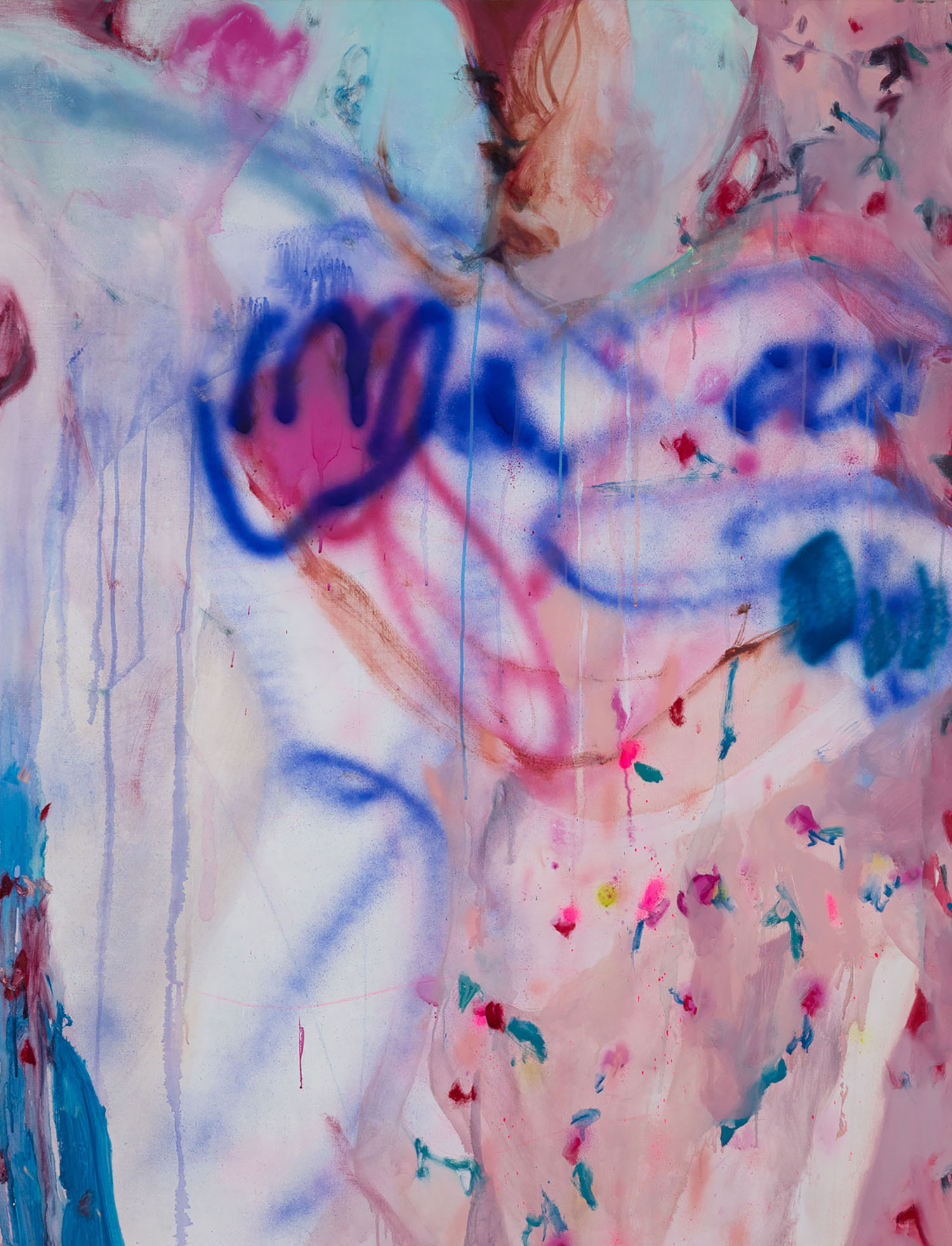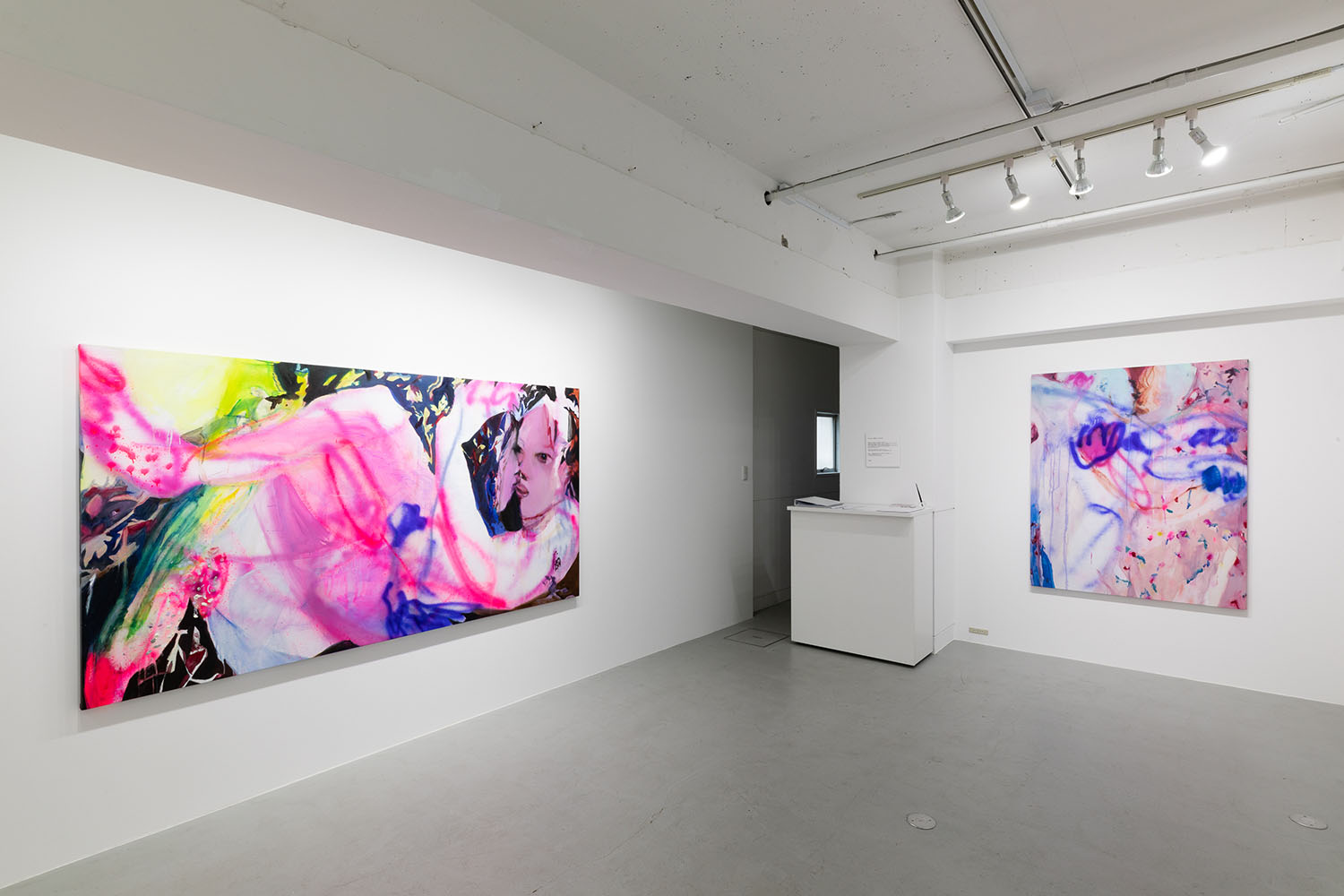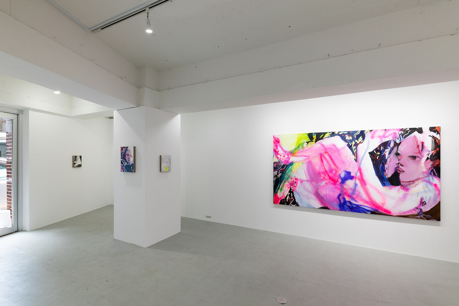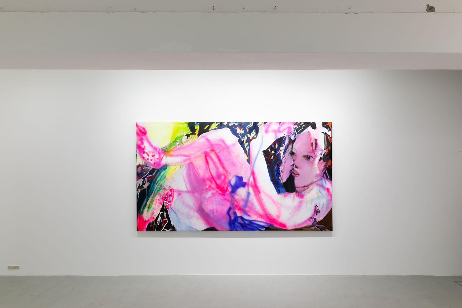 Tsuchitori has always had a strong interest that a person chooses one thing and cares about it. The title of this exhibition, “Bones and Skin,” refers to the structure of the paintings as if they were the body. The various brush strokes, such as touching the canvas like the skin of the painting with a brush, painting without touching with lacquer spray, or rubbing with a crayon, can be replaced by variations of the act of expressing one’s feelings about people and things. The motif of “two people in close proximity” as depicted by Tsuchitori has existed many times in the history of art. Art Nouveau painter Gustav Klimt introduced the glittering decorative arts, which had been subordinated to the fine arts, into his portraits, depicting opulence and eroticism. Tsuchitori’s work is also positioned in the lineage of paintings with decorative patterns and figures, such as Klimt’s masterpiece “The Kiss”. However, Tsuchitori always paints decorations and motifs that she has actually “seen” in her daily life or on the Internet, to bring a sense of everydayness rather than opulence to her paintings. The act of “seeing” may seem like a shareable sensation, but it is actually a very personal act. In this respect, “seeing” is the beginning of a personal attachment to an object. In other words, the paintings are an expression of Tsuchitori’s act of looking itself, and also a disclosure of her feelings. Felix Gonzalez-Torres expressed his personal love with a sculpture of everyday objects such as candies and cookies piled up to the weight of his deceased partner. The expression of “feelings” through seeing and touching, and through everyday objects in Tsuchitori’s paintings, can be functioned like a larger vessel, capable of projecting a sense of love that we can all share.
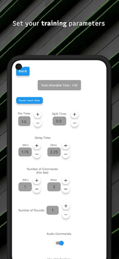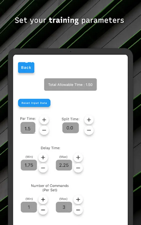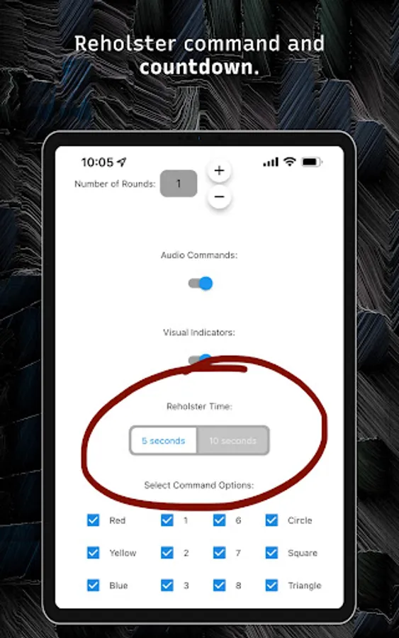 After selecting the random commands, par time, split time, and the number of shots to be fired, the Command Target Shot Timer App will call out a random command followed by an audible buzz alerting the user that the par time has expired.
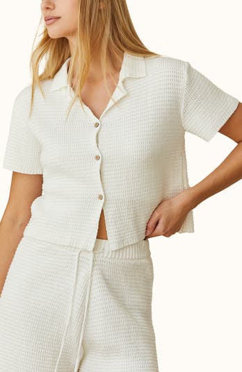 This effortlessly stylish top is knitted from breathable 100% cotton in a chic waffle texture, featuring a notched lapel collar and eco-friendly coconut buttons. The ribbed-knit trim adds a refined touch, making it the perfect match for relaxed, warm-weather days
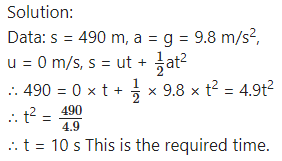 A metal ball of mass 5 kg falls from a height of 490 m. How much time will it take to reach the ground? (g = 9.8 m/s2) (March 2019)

+ + + + +

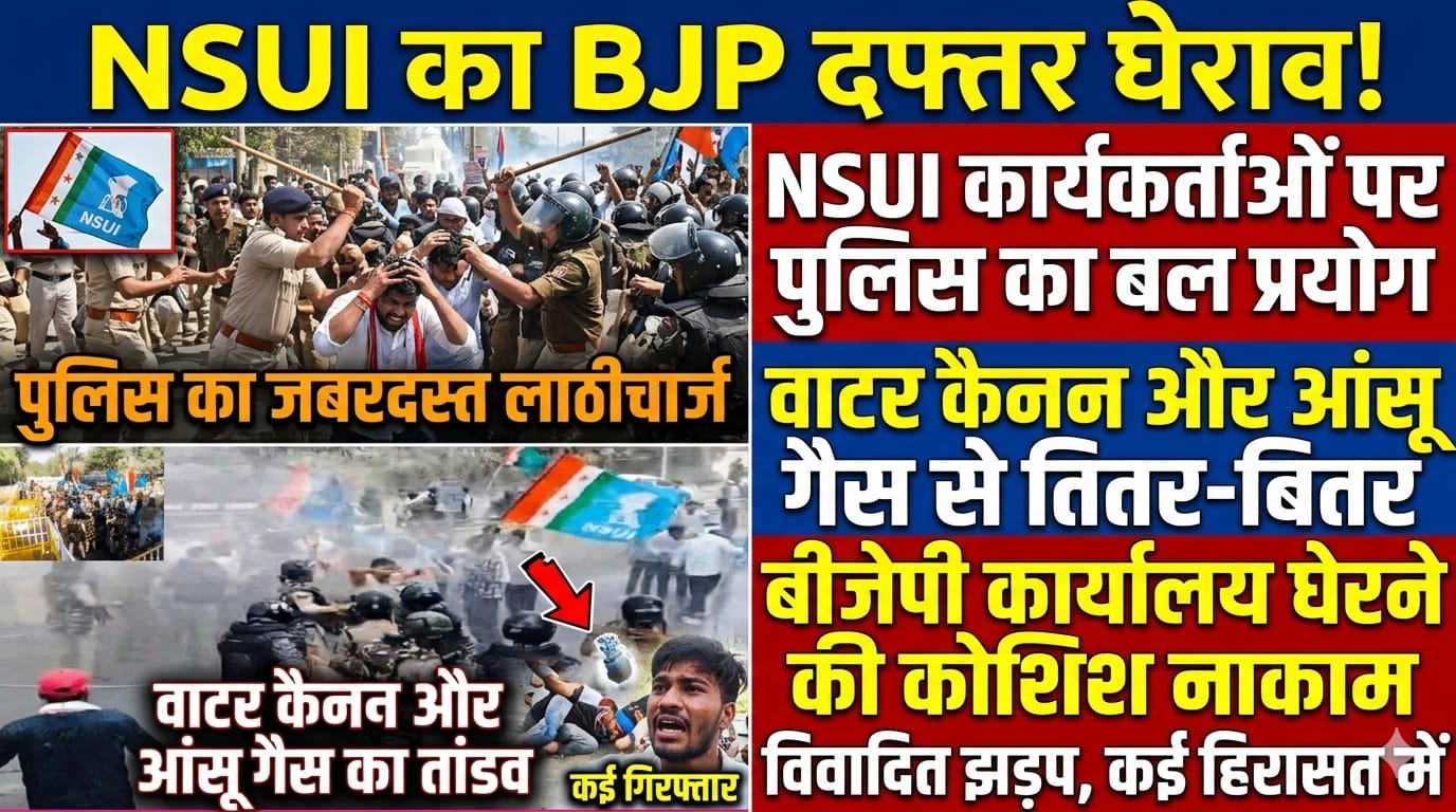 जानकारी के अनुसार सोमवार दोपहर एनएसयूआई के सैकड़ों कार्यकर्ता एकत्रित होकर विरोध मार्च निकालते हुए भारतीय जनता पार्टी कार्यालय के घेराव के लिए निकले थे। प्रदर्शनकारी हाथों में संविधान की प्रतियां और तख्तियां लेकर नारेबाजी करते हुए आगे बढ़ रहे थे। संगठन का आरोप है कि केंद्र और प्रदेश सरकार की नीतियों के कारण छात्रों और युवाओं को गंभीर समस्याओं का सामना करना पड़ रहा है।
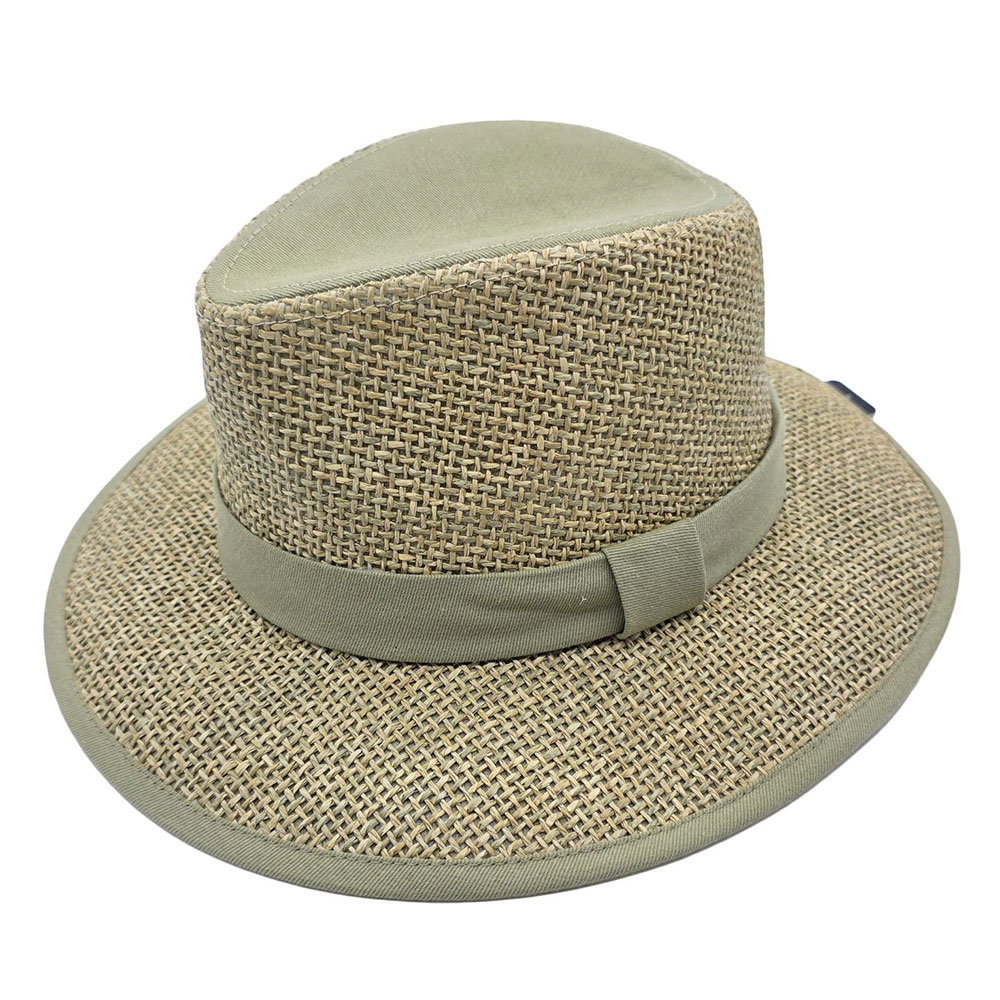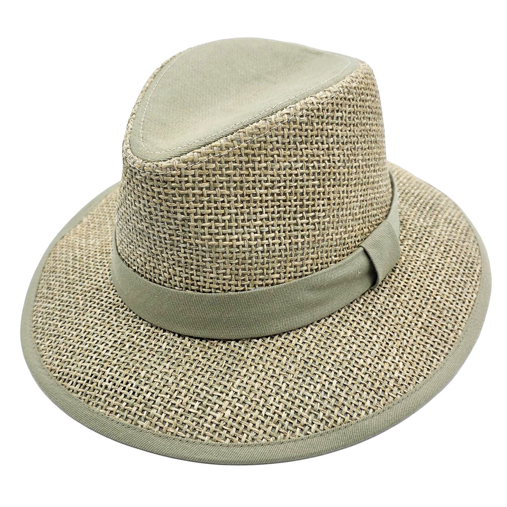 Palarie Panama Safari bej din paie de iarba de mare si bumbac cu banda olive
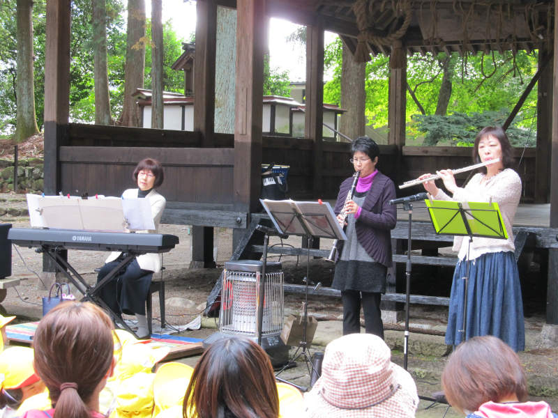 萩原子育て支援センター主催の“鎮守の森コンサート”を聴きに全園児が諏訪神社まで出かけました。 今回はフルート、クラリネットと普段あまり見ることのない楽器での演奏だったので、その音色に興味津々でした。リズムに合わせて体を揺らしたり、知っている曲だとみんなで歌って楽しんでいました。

+ + + + +

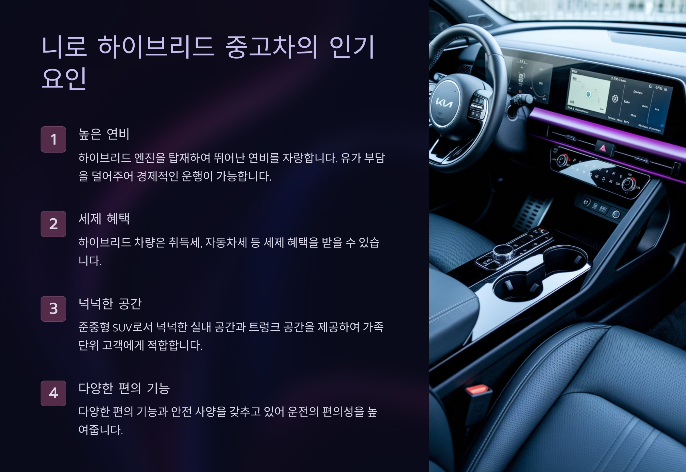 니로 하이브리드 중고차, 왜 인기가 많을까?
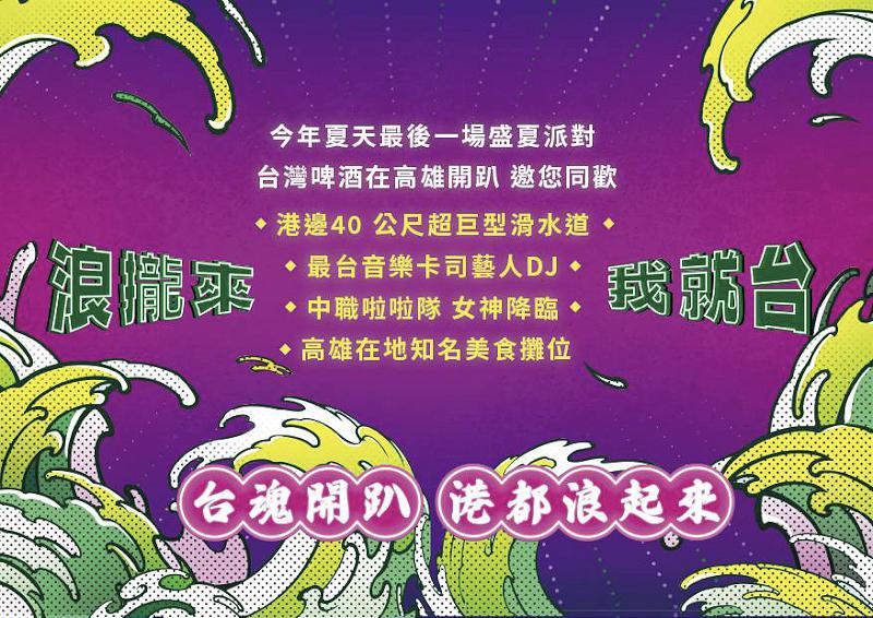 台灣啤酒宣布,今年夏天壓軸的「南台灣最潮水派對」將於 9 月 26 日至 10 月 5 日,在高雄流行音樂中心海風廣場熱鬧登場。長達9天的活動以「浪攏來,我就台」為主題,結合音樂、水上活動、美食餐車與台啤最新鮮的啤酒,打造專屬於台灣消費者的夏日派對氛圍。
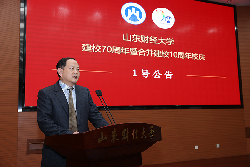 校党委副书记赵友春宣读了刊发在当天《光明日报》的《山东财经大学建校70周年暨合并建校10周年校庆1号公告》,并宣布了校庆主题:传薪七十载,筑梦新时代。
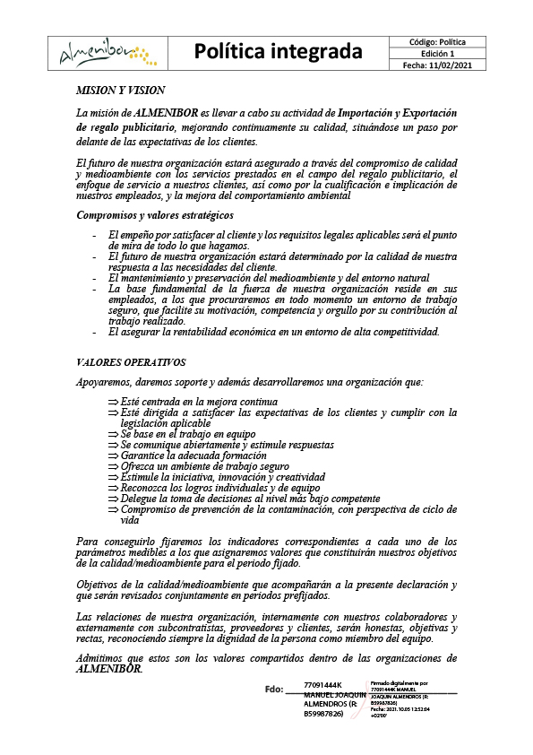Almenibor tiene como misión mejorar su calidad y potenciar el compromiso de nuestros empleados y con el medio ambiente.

+ + + + +

Repeat, word for word, the lines of the material above from the one holding "This effortlessly stylish" through the one holding "A metal ball". Leave out pictures.

_Finished exercise_
 This effortlessly stylish top is knitted from breathable 100% cotton in a chic waffle texture, featuring a notched lapel collar and eco-friendly coconut buttons. The ribbed-knit trim adds a refined touch, making it the perfect match for relaxed, warm-weather days
 A metal ball of mass 5 kg falls from a height of 490 m. How much time will it take to reach the ground? (g = 9.8 m/s2) (March 2019)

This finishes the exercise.